• [Exercise instructions]: Return, unchanged and with no pictures, the lines below from the very first through the one that contains "An existing repository".

• [Input data]:
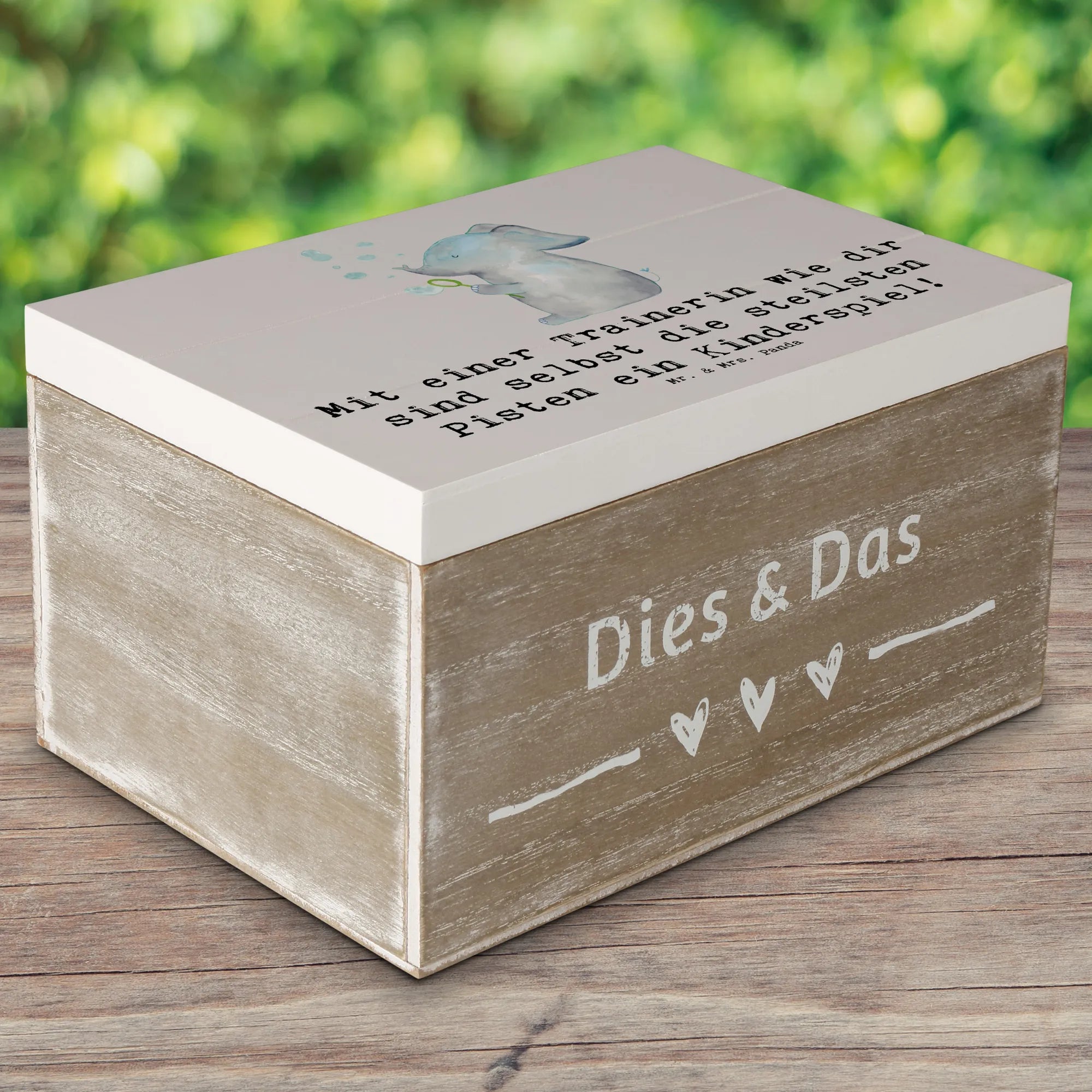 Suchst du eine liebevolle, praktische Idee, um deiner Trainerin Danke zu sagen? Unsere Holzkiste "Skifahren Trainerin" von Mr. & Mrs. Panda vereint zauberhaftes Design mit nützlicher Aufbewahrung. Bedruckt mit dem herzlichen Spruch "Mit einer Trainerin wie dir sind selbst die steilsten Pisten ein Kinderspiel!" ist diese Holzbox ein emotionales Erinnerungsgeschenk und eine stilvolle Aufbewahrungsbox Holz.
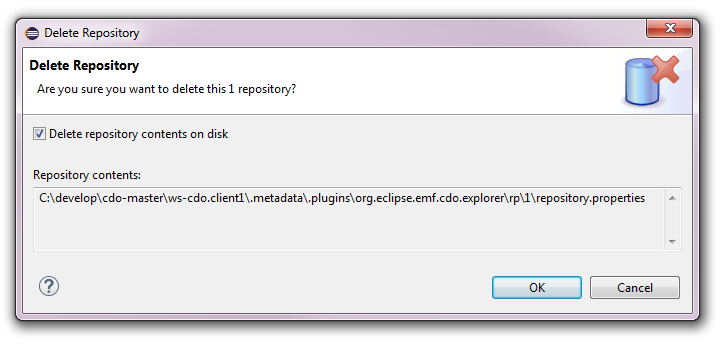 An existing repository connection can be deleted by selecting that repository connection and pressing the Del key or selecting the Delete action in the context menu. The following dialog will pop up:
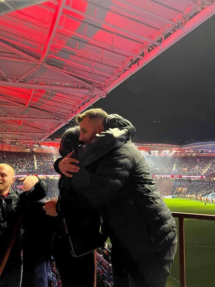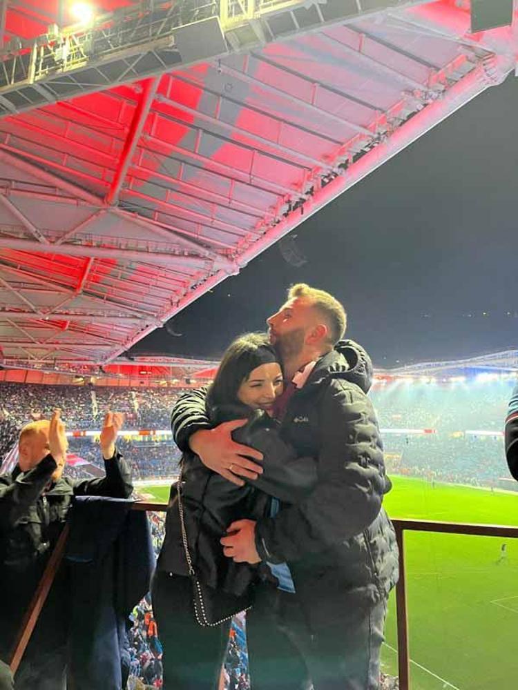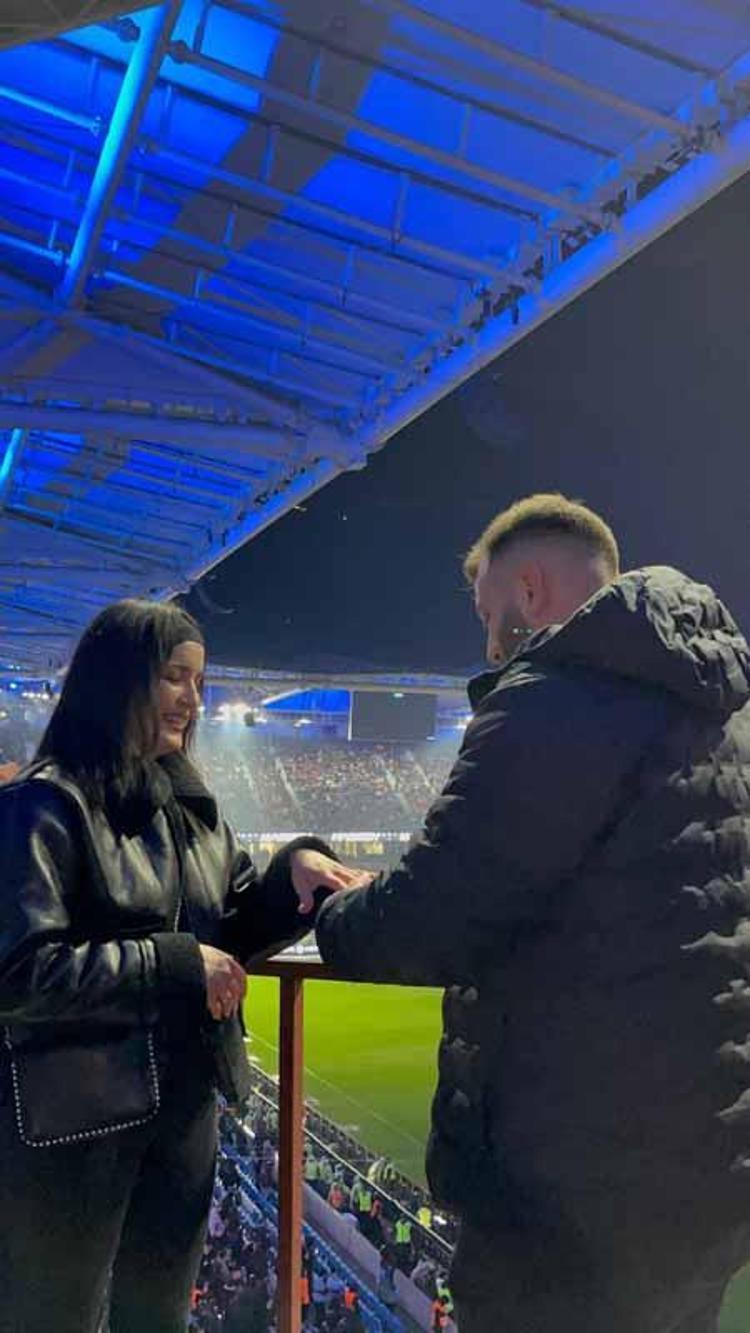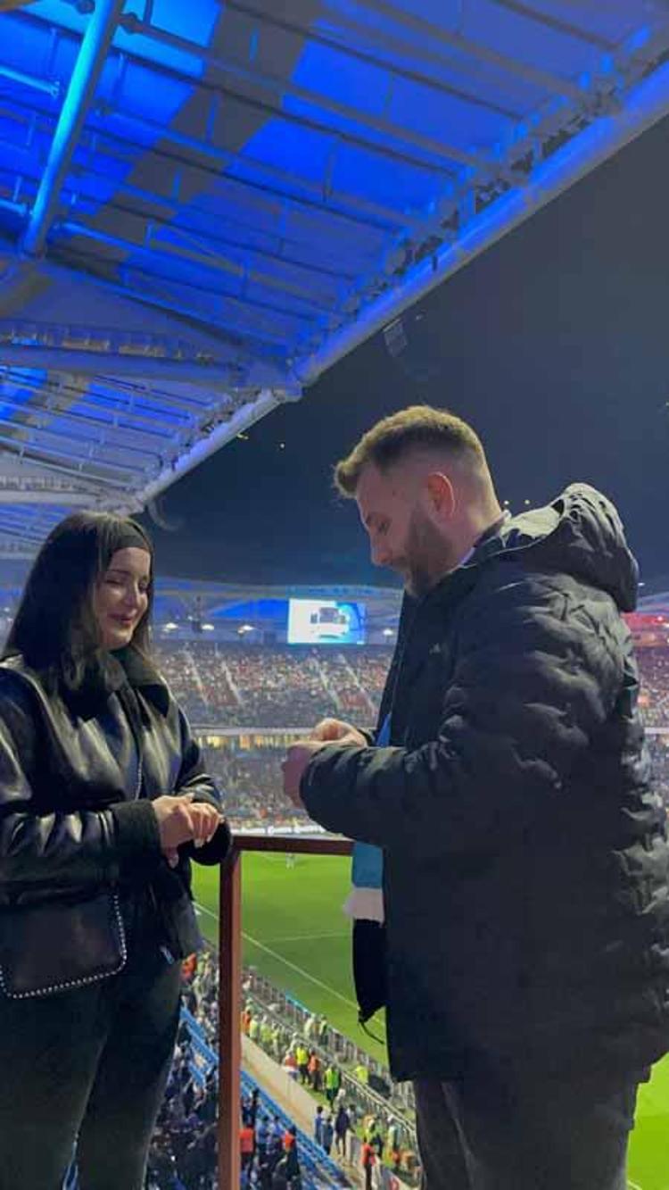 Trabzonspor ile Fenerbahçe arasında 14 Şubat Sevgililer Günü’nde oynanan karşılaşma öncesinde tribünlerde romantik anlar yaşandı. Emre Şeras, kız arkadaşı Eda Sevim’e sürpriz bir evlilik teklifinde bulundu.
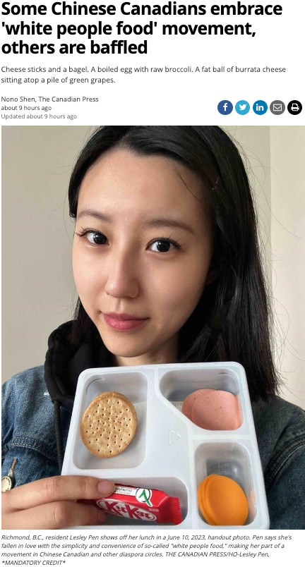 卑诗大学UBC社会学教授艾米·汉瑟(Amy Hanser)表示,“白人餐”运动象征着中国年轻人心态的转变。 加通社采访一名华人移民梁先生(Shawn Liang),梁先生六年前从北京移民到温哥华定居。 梁先生接受普通话采访时说,他曾经觉得“白人餐”这样的饭菜难以下咽。 但是,移民6年后,现在他喜欢上这种所谓的“白人餐”了。 现在,梁先生每天典型的午餐盒包括一个煮鸡蛋、新鲜西兰花、一片火腿、奶酪和一片全麦面包。 梁先生说,做中国菜既费时又费力,而且价格昂贵。 “但是,年轻人总是没什么钱、而且要努力工作而且没有什么时间,”梁说。 一盒饼干和冷盘可能听起来不值得大张旗鼓,但居住在列治文山的UBC大学的研究生 Lesley Pen最近在社交媒体上分享了一张带有中文“白人餐”标签的用餐照片。 Lesley Pen说,她“爱上了”这样的食物。 “与通常需要大量炒菜、严重依赖丰富的调味料和酱汁的传统中国菜相比,白人餐不需要这些,”卑诗省列治文居民Lesley Pen说。 Lesley Pen在UBC读研究生,主修食品、环境和经济。 “作为一个要独自生活,需要兼顾学业和工作的新移民,我觉得这些饭菜做起来既简单又方便,”Pen用普通话说,并补充说它们也是一种饮食选择。 Pen表示,“白人餐”是一个模糊的概念,但本质上意味着让膳食尽可能“省力、无浪费”。 在温哥华一家全球科技公司工作的吴女士( Eva Wu )说,她也是它的粉丝。 但吴女士并不称她的饭菜为“白人餐”,而是说这听起来“过于笼统和种族主义”。相反,她称这是“当地风味的清淡午餐”。 温哥华唐先生 (Richard Tang) 说,他每天都午餐吃新鲜水果和蔬菜,已经有五年了。 唐用普通话接受采访时说,他做的这顿简单饭菜有点像加拿大多元文化,会加入一片带芝麻的中式面包。 “这是我妻子用爱心做的,”唐笑笑道。“将我的车停在一个安静的街区,享用我的午餐并收听播客(podcast),这是我一天中最美好的时光。” 西蒙弗雷泽大学助理教授 Tammara Soma 同意“白人餐”这个词可能具有潜在的冒犯性。 然而,Soma 表示,这种趋势也可以被理解为一种“回收讽刺”(reclaiming the sarcasm)的方式,以展示不同的文化观点,因为来自非白人文化背景的人有时会因为他们自己的家乡食物“奇怪和异国情调”而被取笑。 对于这个,相信很多加拿大华人也有这个感受。 “事实上,通常对于非白人食物的被刻板印象,这有点像是相反反应,”Soma说。 对于白人自己传统引以为傲的餐饮文化遭到调侃,很多白人网友也开始急了。 “种族歧视。”

• [Result of this exercise]:
 Suchst du eine liebevolle, praktische Idee, um deiner Trainerin Danke zu sagen? Unsere Holzkiste "Skifahren Trainerin" von Mr. & Mrs. Panda vereint zauberhaftes Design mit nützlicher Aufbewahrung. Bedruckt mit dem herzlichen Spruch "Mit einer Trainerin wie dir sind selbst die steilsten Pisten ein Kinderspiel!" ist diese Holzbox ein emotionales Erinnerungsgeschenk und eine stilvolle Aufbewahrungsbox Holz.
 An existing repository connection can be deleted by selecting that repository connection and pressing the Del key or selecting the Delete action in the context menu. The following dialog will pop up:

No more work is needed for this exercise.